# [RECORDED DATA]

━━━━━━━━━━━━━━━━━━━━

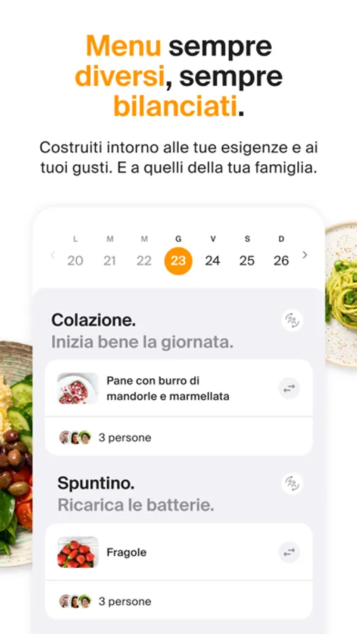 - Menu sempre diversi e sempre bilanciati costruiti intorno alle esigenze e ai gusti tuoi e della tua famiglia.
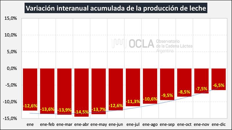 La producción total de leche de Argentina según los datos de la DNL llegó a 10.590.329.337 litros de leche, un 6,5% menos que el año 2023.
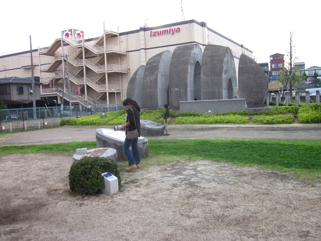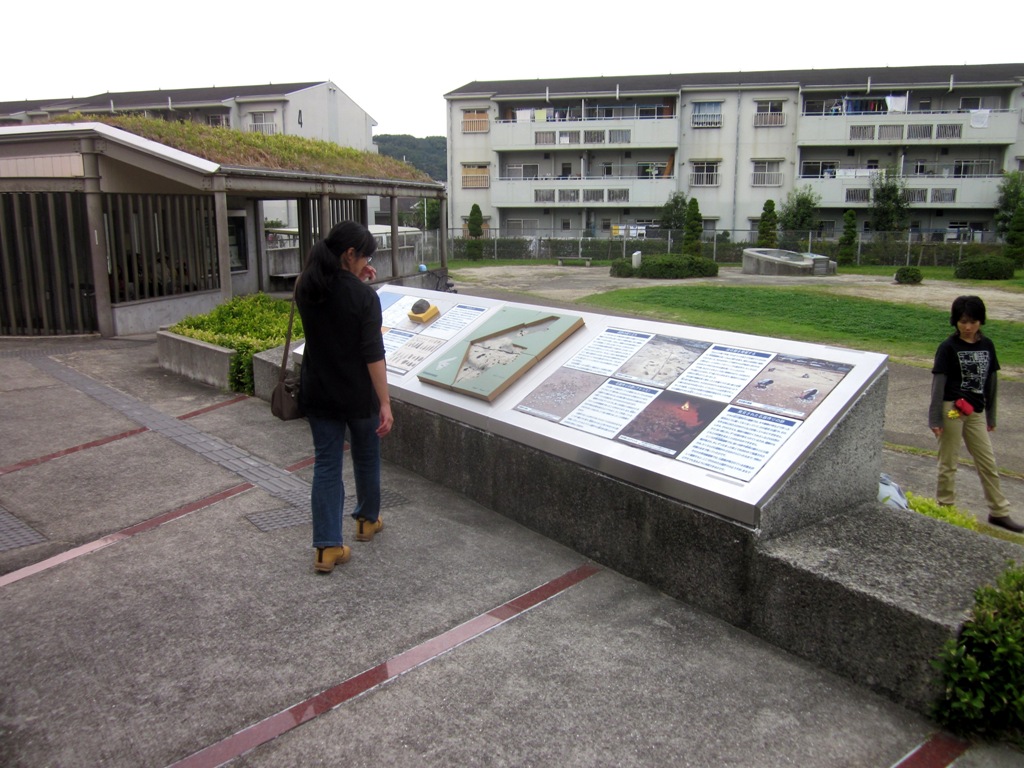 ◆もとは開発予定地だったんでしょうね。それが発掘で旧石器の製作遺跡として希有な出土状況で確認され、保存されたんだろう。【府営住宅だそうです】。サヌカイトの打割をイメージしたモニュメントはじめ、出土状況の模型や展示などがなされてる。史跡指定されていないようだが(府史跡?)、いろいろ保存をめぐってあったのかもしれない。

━━━━━━━━━━━━━━━━━━━━

# [EXERCISE]
Starting at the line that contains "La producción total", transcribe every line through the end of the listing exactly, including both end lines and excluding pictures.

# [ANSWER]
 La producción total de leche de Argentina según los datos de la DNL llegó a 10.590.329.337 litros de leche, un 6,5% menos que el año 2023.
 ◆もとは開発予定地だったんでしょうね。それが発掘で旧石器の製作遺跡として希有な出土状況で確認され、保存されたんだろう。【府営住宅だそうです】。サヌカイトの打割をイメージしたモニュメントはじめ、出土状況の模型や展示などがなされてる。史跡指定されていないようだが(府史跡?)、いろいろ保存をめぐってあったのかもしれない。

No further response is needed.